Sara Ornelas opened Blue Baboon Books in Wichita, Kans., in July 2016 with a custom-built 7 ft. x 16 ft. trailer. “I always wanted a physical store,” she said. “I was a big reader when I was a kid, and I’ve been reading to my kids since the day they came home from the hospital.” Earlier this summer Ornelas opened a bricks-and-mortar store in a temporary location in NewMarket Square. Although she said that sales have been “good,” she’s not sure that she wants a permanent bookstore. Currently she is focusing on a new multiday book fair program that she launched earlier this month. “All the librarian needs to do is find the location,” she said; Blue Baboon provides the shelving, tables, and books.
Bright Futures
Longtime bookseller Andy Laties (author of Rebel Bookseller), who was most recently manager of New York City’s Bank Street Books, opened the 1,800-sq.-ft. Book and Puppet Company in Easton, Pa., with his wife, Rebecca Migdal, this past September. Laties had operated two children’s stores in the past, and in 1987 he received a Pannell Award for excellence in children’s bookselling. But what makes his and Migdal’s new store stand out was their decision to position it as a progressive voice in a state that voted for Trump. “Both of us thought it’s a concept store,” Laties said. “But people [were excited that] Easton is getting an indie bookstore.” The store is currently 70% kids’ and has a strong selection of social justice and pop culture titles for adults. If customers want a general independent bookstore, Laties and Migdal said they will adjust the inventory.
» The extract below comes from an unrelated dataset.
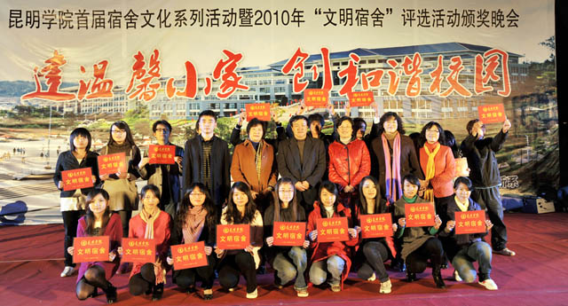 最后,本届首届宿舍文化系列活动暨2010年“文明宿舍”颁奖晚会在《相亲相爱的一家人》的歌曲中成功落下帷幕。孙副书记、李副书记、熊副院长对本次晚会的举办给予了高度评价,并与获奖宿舍及个人上台合影留念。整台晚会气氛热烈,它的成功举办为永利集团3044官网欢迎您首届宿舍文化系列活动暨2010年“文明宿舍”评比活动画上了一个圆满的句号。
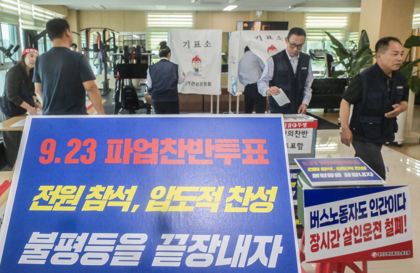 경기지역 47개 버스업체가 속한 경기지역자동차노조가 10월 1일 총파업을 예고한 가운데 23일 오전 경기 오산시 두곡동 오산시버스공영차고지에서 조합원들이 쟁의행위(파업) 여부에 대한 찬반투표를 하고 있다. (공동취재) 2025.9.23/뉴스1

For most children’s booksellers, a cause held dear is promoting literacy. Art is a key component of literacy at 1,100-sq.-ft. Read with Me, A Children’s Book and Art Shop, which former teacher and school librarian Christine Brenner opened in Raleigh, N.C., in April. The store has a designated area for crafts and offers classes in bookmaking and hand lettering. A chalkboard, which covers the back wall, is decorated by a local muralist, and pictures by local artists are displayed above the book cases. One of Brenner’s long-term goals is to start a children’s literature and art festival.
Several children’s specialty booksellers hope to launch stores in 2018. College friends Shoshana Smith and Marian Adducci, who worked together at the Reading Bug in San Carlos, Calif., are aiming to open Flashlight Books, geared to tweens and teens, in Walnut Creek next year. “We know that the money’s in board books and picture books,” Smith said, but “we’ll still have story times and craft times.” She added: “We want to host tutoring sessions and get teachers to work with us. We want to host open mic nights. That’s our dream.”
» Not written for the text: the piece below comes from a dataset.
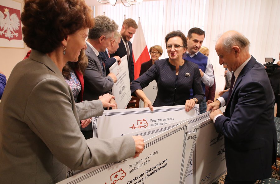 Umowy w ramach rządowego „Programu wymiany ambulansów” podpisał ze Świętokrzyskim Centrum Ratownictwa Medycznego i Transportu Sanitarnego wiceminister zdrowia Janusz Cieszyński. Gospodarzem spotkania w urzędzie wojewódzkim była wojewoda Agata Wojtyszek.

Lorielle Hollaway has been opening pop-up stores this fall while she looks for a permanent location for Cultured Books in the historic 22nd Street South District of St. Petersburg, Fla., once the city’s main black thoroughfare. She was inspired to start the store after taking a class at Hillsborough Community College by a teacher who encouraged students to take an active role in their communities. For Hollaway, that meant working with kids on reading. The tagline for her store is: “Fostering a reading culture by exposing children to the world; through art, music, and picture books!” Her young daughters, Nadia and Ava, help her select inventory.